▶ **TASK ITEM**
Find the line with "Another interesting artifact" in the data below. Repeat it and every line after it up to the end, exactly, but drop the pictures.

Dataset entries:
☆ ☆ ☆ ☆

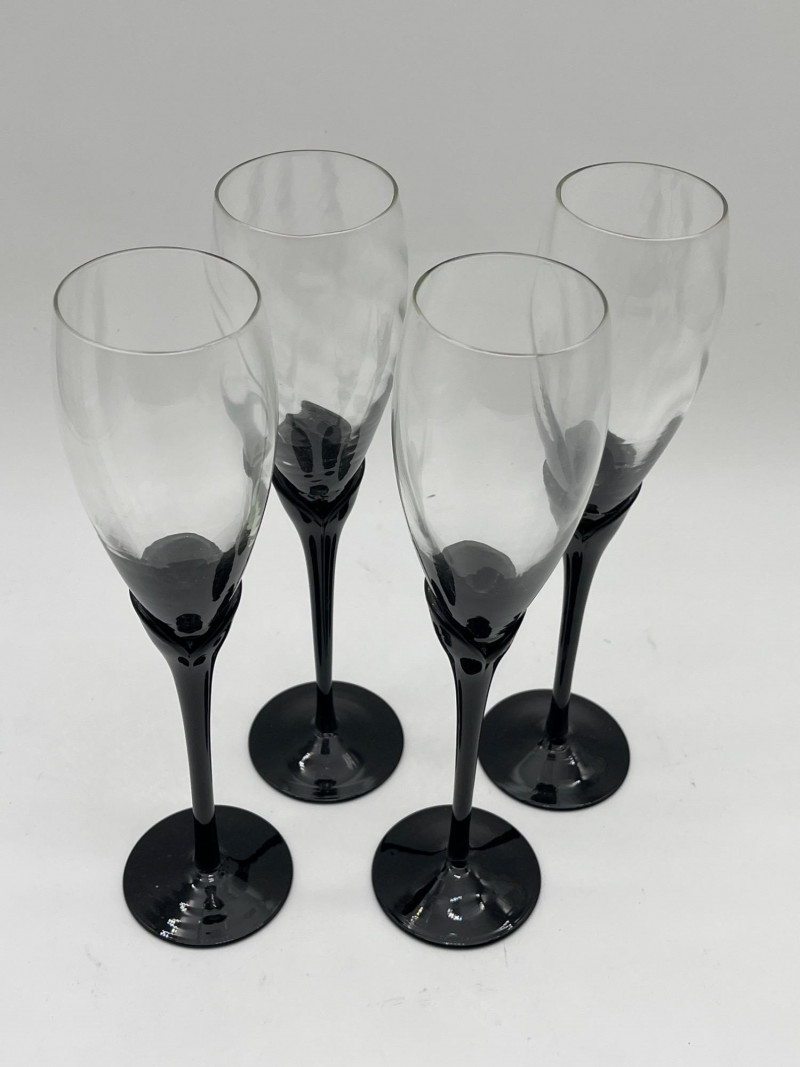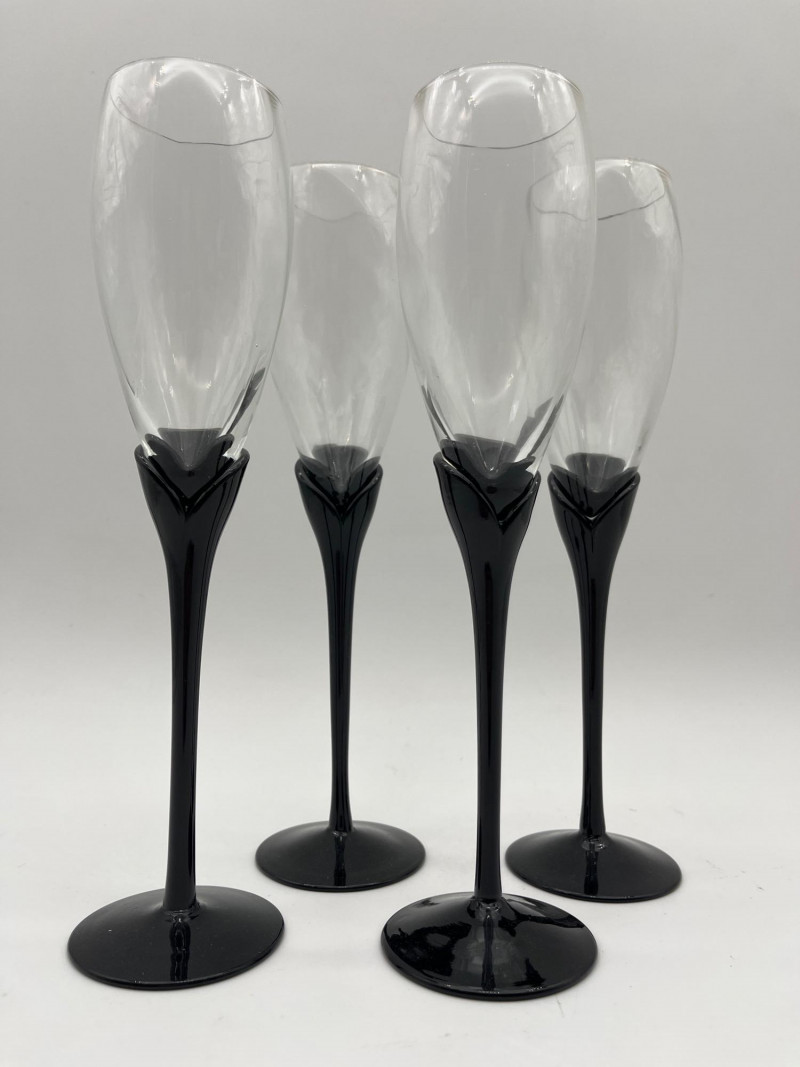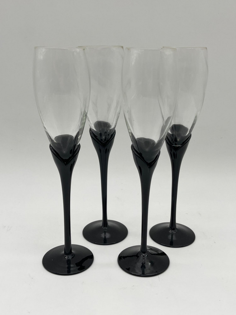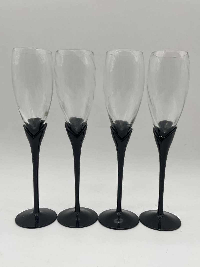Lot # 18 - Set of 4 Colony Glass Amaryllis Black Stem Champagne Glasses
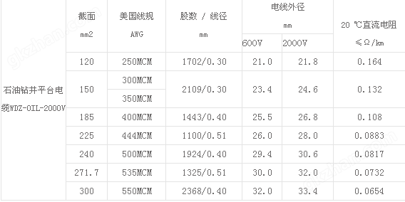 石油鉆井平臺WDZ-0IL-500MCM一,石油鉆井平臺WDZ-0IL-500MCM主要適用額定電壓2kV及以下的石油平臺鉆井架上大功率電機、壓縮機及各種泵類的電力傳輸系統及船舶動力系統.電纜具有良
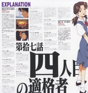 An animation that aired in Japan from October 1995 to March 1996 with a total of 26 episodes. Although the genre is giant robots, it achieved unprecedented commercial and critical success at the time of its broadcast due to its unconventional directing and content, and became a representative work of director Hideaki Anno and Japanese animation of the 1990s. It is evaluated to have caused the third animation boom in the history of Japanese animation, following Space Battleship Yamato and Mobile Suit Gundam.
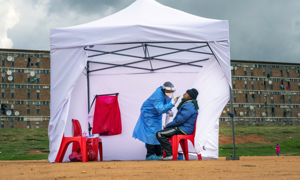 Nhân viên y tế lấy mẫu xét nghiệm cho người dân ở Johannesburg, Nam Phi, hồi năm 2020. Ảnh: AP.
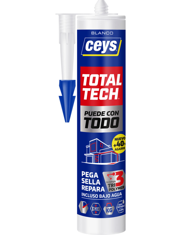 TOTAL TECH CEYS Pega, sella y repara. Resiste las condiciones más duras, agua, humedad, rayos UV. Cartucho 290 ml.
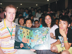 「太興奮了!」Samuel Tedder說,他接獲這一訊息,馬上想來台灣,當地平日參與教會活動的二十名青少年,大都是華裔子弟,聽到有機會到台灣教美語、服務,馬上討論、設計課程,全部自費來台教學,僅由教會提供住宿。
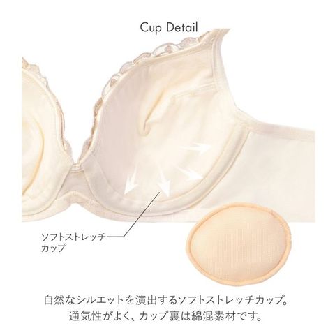 カップは、体の動きにぴったりフィットし、自然なシルエットを演出する恋するブラ独特のソフトストレッチカップ。カップ裏は綿混素材で、カップ下部にホールがあるので通気性がよいです。軽くて通気性の良いファイバーフィルパッドで、ナチュラルにボリュームアップします。
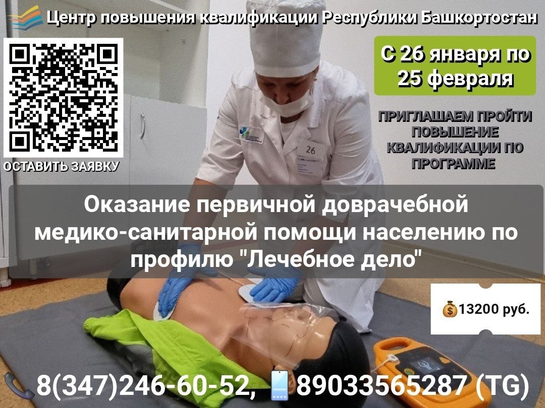 по 25.02.2026 г. Центр повышения квалификации предлагает пройти повышение квалификации по актуальной программе: «Оказание первичной доврачебной медико-санитарной помощи населению по профилю «Лечебное дело». 🎓Целевая аудитория: средние медицинские работники, имеющие базовое образование по специальности «Лечебное дело». 📃По окончании выдается документ установленного образца с внесением данных в Федеральный реестр документов об образовании (ФИС ФРДО). 💰Стоимость обучения: 13 200 руб. 💻Заявки на обучение можете оставить на нашем сайте: https://clck.ru/3NMcvR 📞Контактный телефон: 8(347)246-60-52, 89033565287 (телеграм).
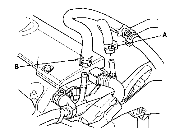 48. Connect the upper radiator hose (A) and the heater hoses (B).
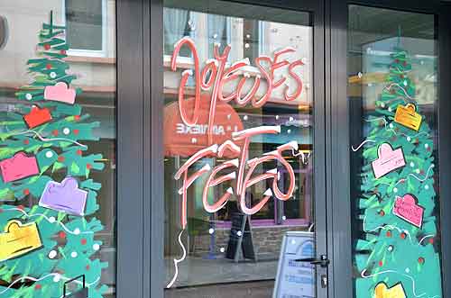 Boule et Bill en pére Noël sur les vitrines de la commune de Jette
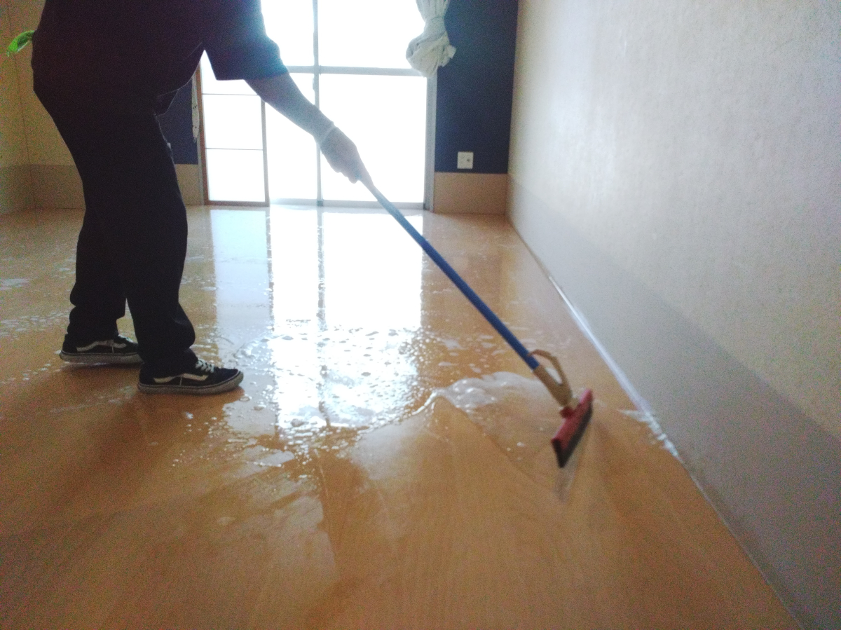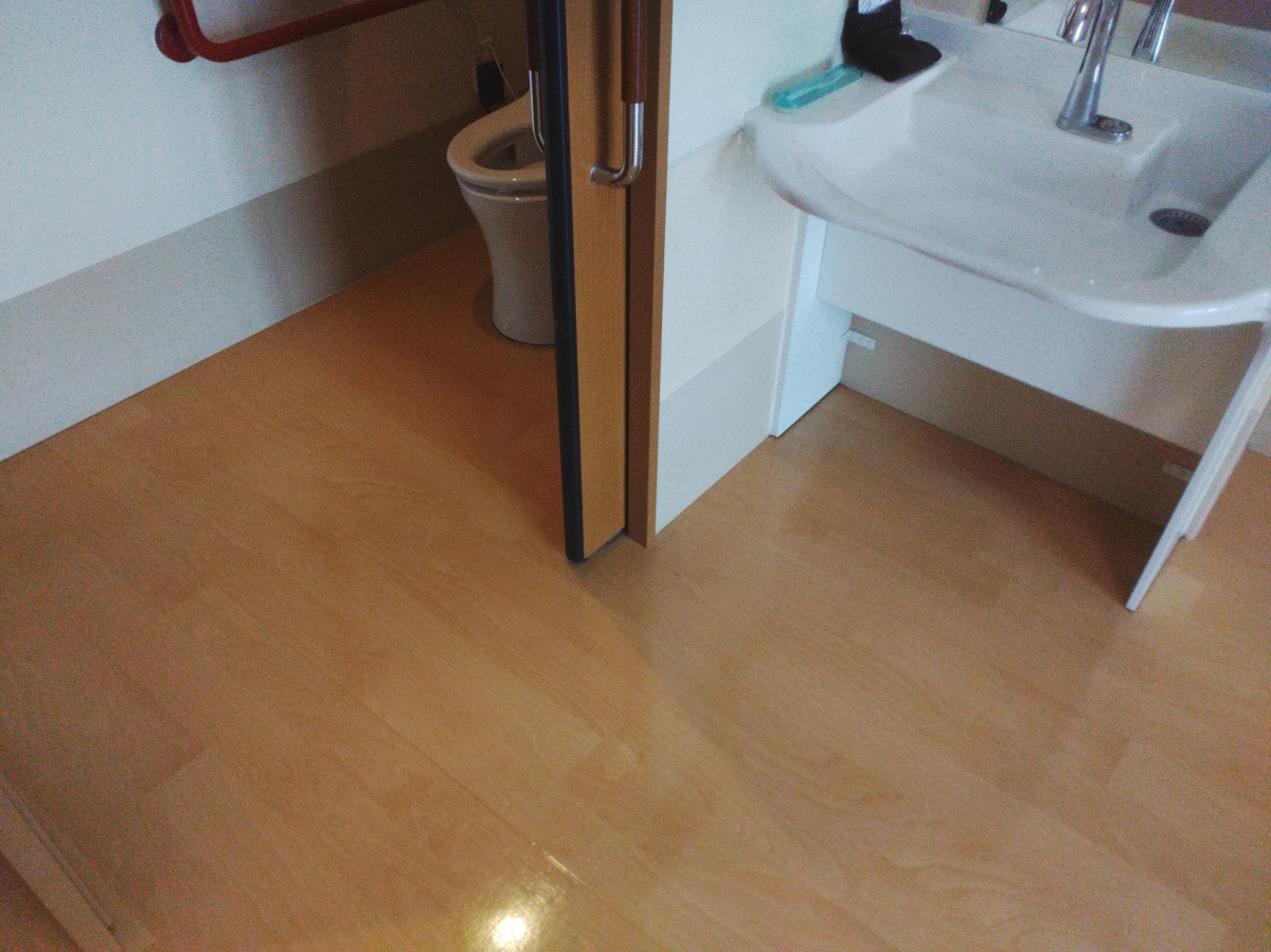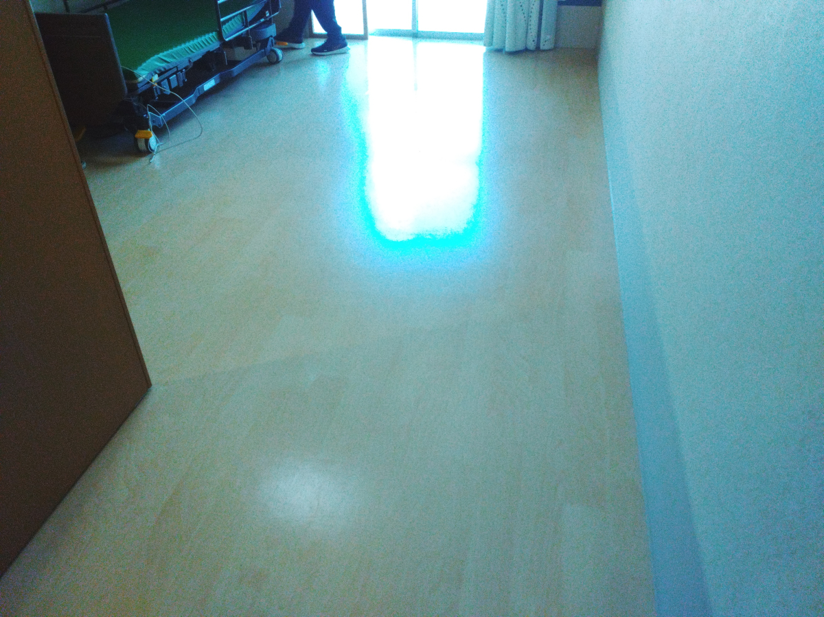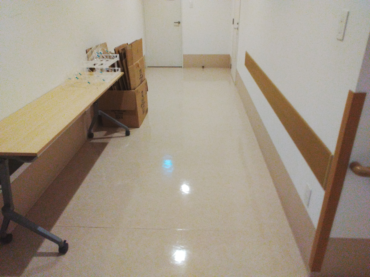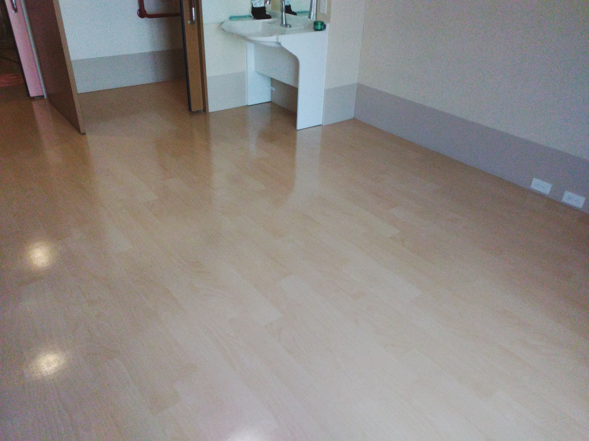 居室等の床面をポリッシャー洗浄し、ワックス塗布を行いました。
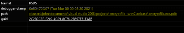Another interesting artifact found is the path of the PDB file present inside the binary, which shows the string “svc,” a common acronym often used for designating the term service. And also “john,” probably the computer name where the binary was compiled by the malware author.
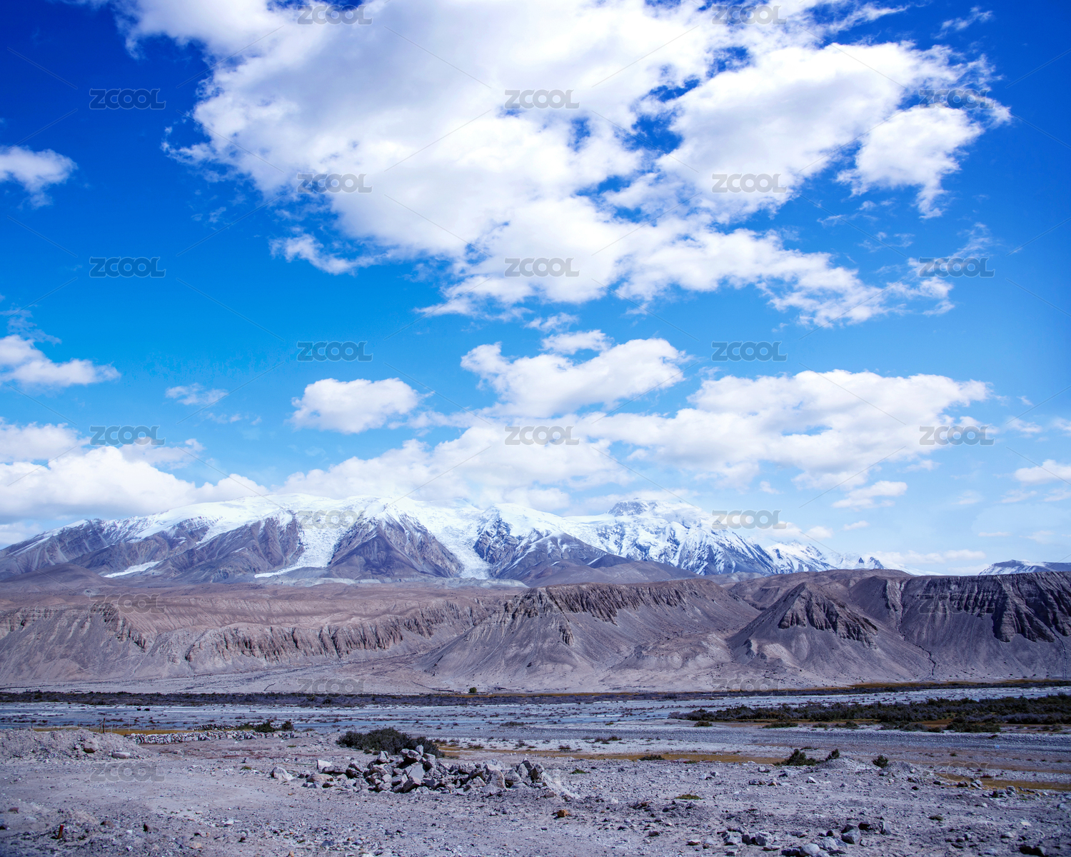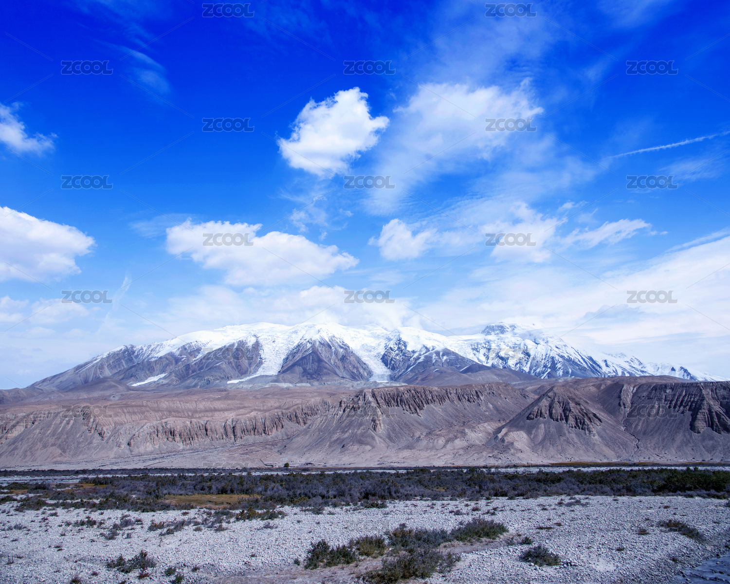 中国新疆喀什至塔县塔什库尔干河谷边的雪山
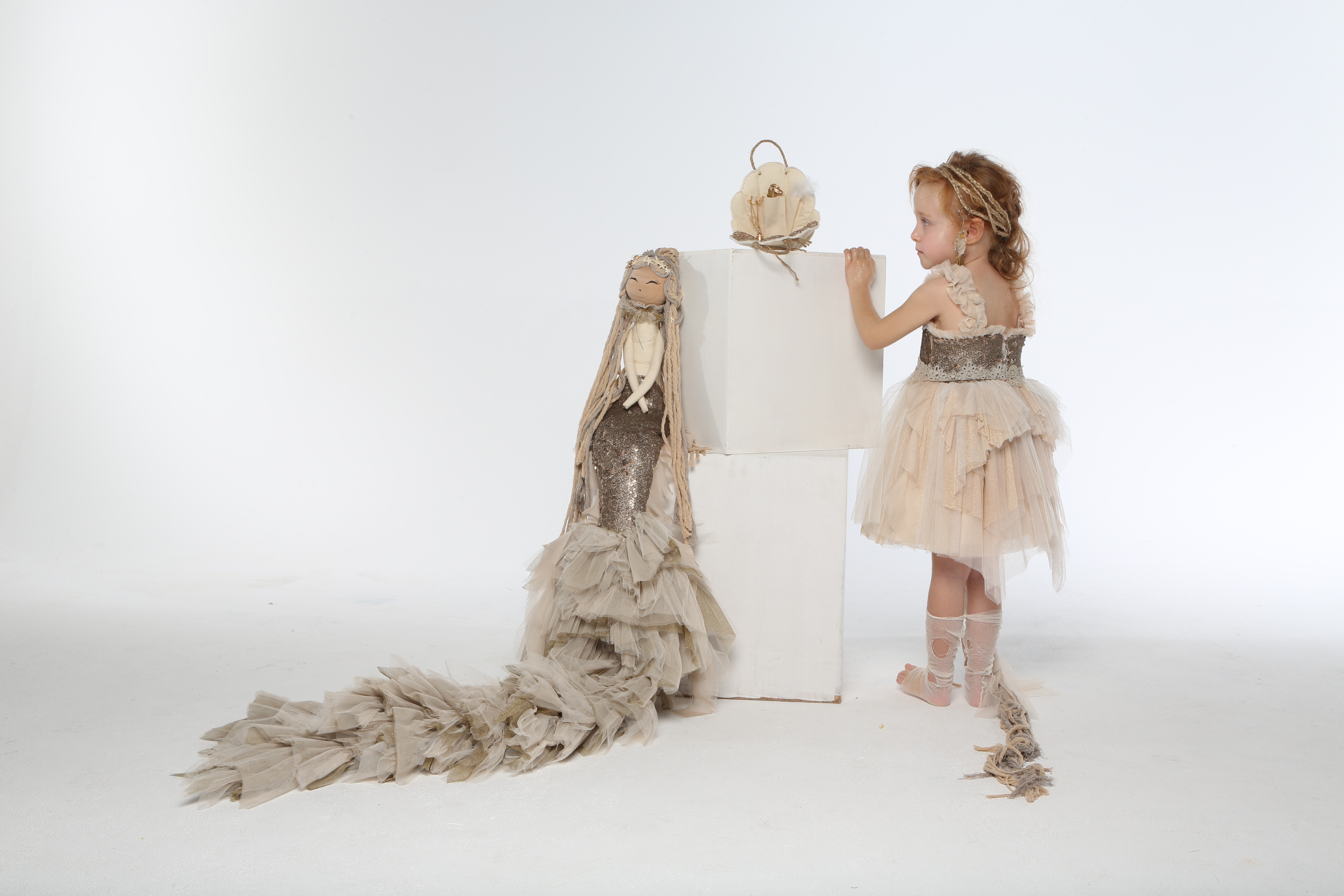 Η κούκλα-γοργόνα, ντυμένη με στρώσεις από τούλι σε γήινες αποχρώσεις, αστράφτει με λεπτομέρειες από παγιέτες που θυμίζουν φως που αντανακλάται στο νερό. Η μακριά της ουρά κυλά απαλά στο πάτωμα σαν κύμα, ενώ τα μαλλιά της πέφτουν ελεύθερα, σαν φύκια που χορεύουν στη θάλασσα.
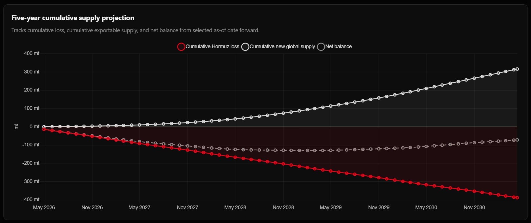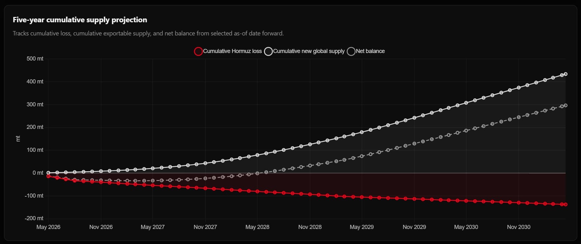 … and the cumulative physical supply loss from Hormuz closure could be completely eliminated by May 2028.

☆ ☆ ☆ ☆

▶ **ANSWER TO THE EXERCISE**
Another interesting artifact found is the path of the PDB file present inside the binary, which shows the string “svc,” a common acronym often used for designating the term service. And also “john,” probably the computer name where the binary was compiled by the malware author.
 中国新疆喀什至塔县塔什库尔干河谷边的雪山
 Η κούκλα-γοργόνα, ντυμένη με στρώσεις από τούλι σε γήινες αποχρώσεις, αστράφτει με λεπτομέρειες από παγιέτες που θυμίζουν φως που αντανακλάται στο νερό. Η μακριά της ουρά κυλά απαλά στο πάτωμα σαν κύμα, ενώ τα μαλλιά της πέφτουν ελεύθερα, σαν φύκια που χορεύουν στη θάλασσα.
 … and the cumulative physical supply loss from Hormuz closure could be completely eliminated by May 2028.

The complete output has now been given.